Den Deugniet, by John Lundström

Due to its turbulent past, the statue has been placed under heavy police protection. The Police Tower looks over it day and night:


This walk turned out to be all about moustaches and statues, so here is an interesting duet. The celebrations for the 350th anniversary of the Royal Academy for Fine Arts, include these open air installations-totems. They are made of stacks of containers on which textiles  and patterns of 12 iconic Antwerp designers, have been imprinted. The project (obvious wink to Antwerp’s vast container port) is called ”Antwerp Icons” and the totems are scattered all over the city centre. This one is a design by Walter Van Beirendonck, stuck in Nationalestraat.


We’ll take a short break here with a glimpse on Toneelhuis theatre, its splendid 19th century building, just visible ahead…


… because next, we’ll go window shopping! See you soon!
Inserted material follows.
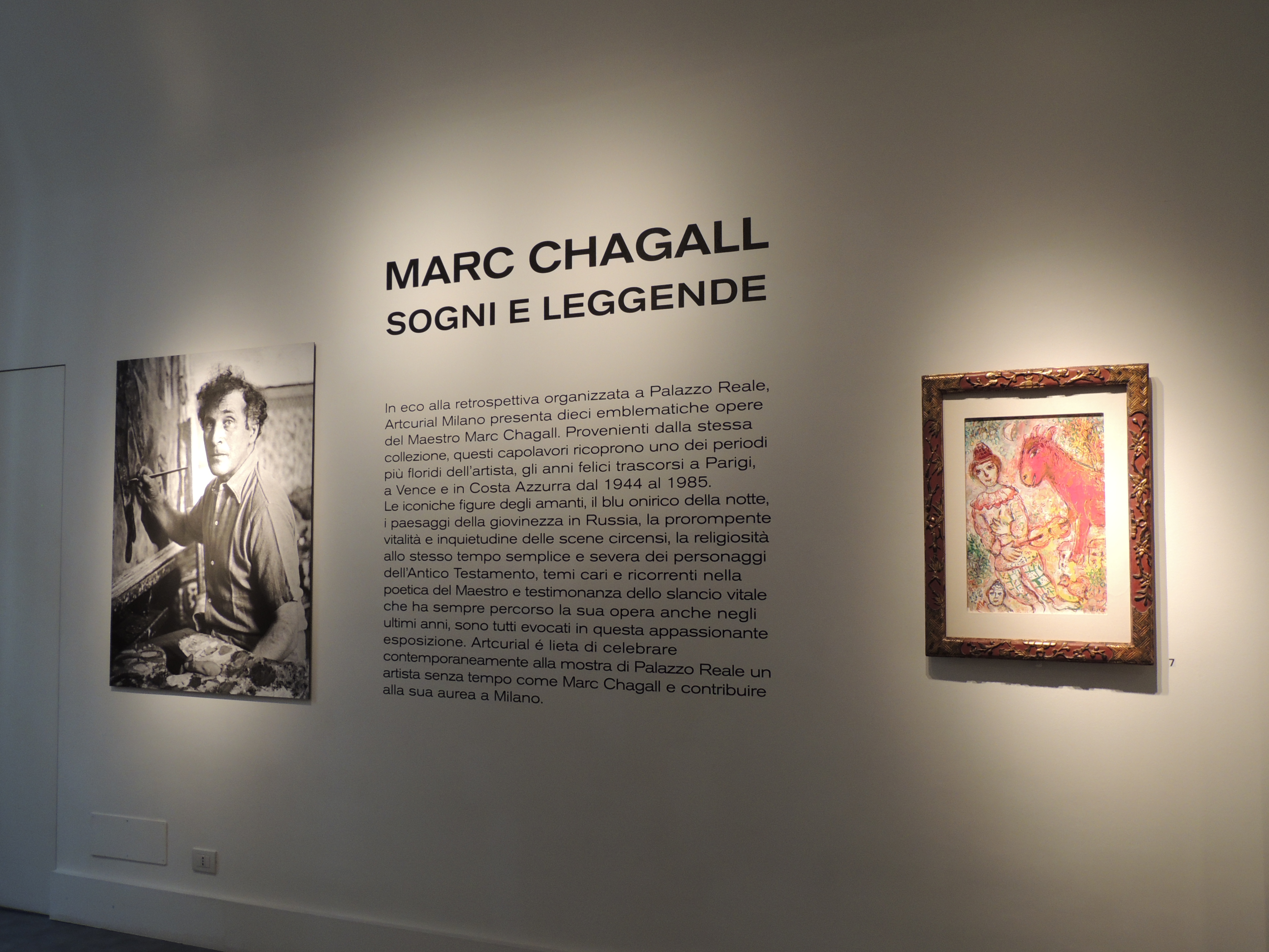 La mostra è stata organizzata in concomitanza con l’esposizione in corso a Palazzo Reale “Marc Chagall, una retrospettiva 1908 – 1985″ e vuole avere la funzione di apportare qualcosa più. Nel contesto intimo e raccolto della sede, Artcurial propone dieci opere di Marc Chagall provenienti tutte da un’unica collezione privata. Il proprietario – di cui si sa solamente che è europeo – ha prestato per la mostra questi lavori che sono stati realizzati nel periodo 1944 – 1985 e che rappresentano al meglio i temi più cari all’artista. A febbraio torneranno in Francia e saranno messi a disposizione dei collezionisti attraverso il dipartimento di Vendite Private di Artcurial.

All photos by Konstantinos Implikian
Image of John Lundström, courtesy of facebook

Antwerp, 26-28 October 2013


10 thoughts on “Antwerp Moustaches & Bottoms

  1. Pingback: The Temple of Human Passions (extensive postscript) | Lia in Brussels

  2. I started to translate the song, but my Nederlands is poor from disuse and I am sure that Lundström used a Belgian Dialect (slang). The reference to “Manneken Pis” (Statue in Brussels) might refer to a bottom being show rather than the front.
    I am going back to read the story about the hand instead — I had no idea.XO

    • Yes I’m sure it’s a dialect or the machine translator would’ve come up with something at least. I’m guessing something like the bare ass cousin of Manneken Pis is our very own Deugniet?…
      You speak Dutch? Rusty or not I’m still impressed! I understood you have Czech roots but how about Dutch?
      The hand story can be a sensitive one around here… it evokes memories of Congo under king Leopold’s tyrrany, when his soldiers were instructed to chop off the hands of local villagers when these couldn’t meet some very unrealistic production quotas. Didn’t want to include this in the post as it would lead to a different direction but reality is so much crueler than legends some times!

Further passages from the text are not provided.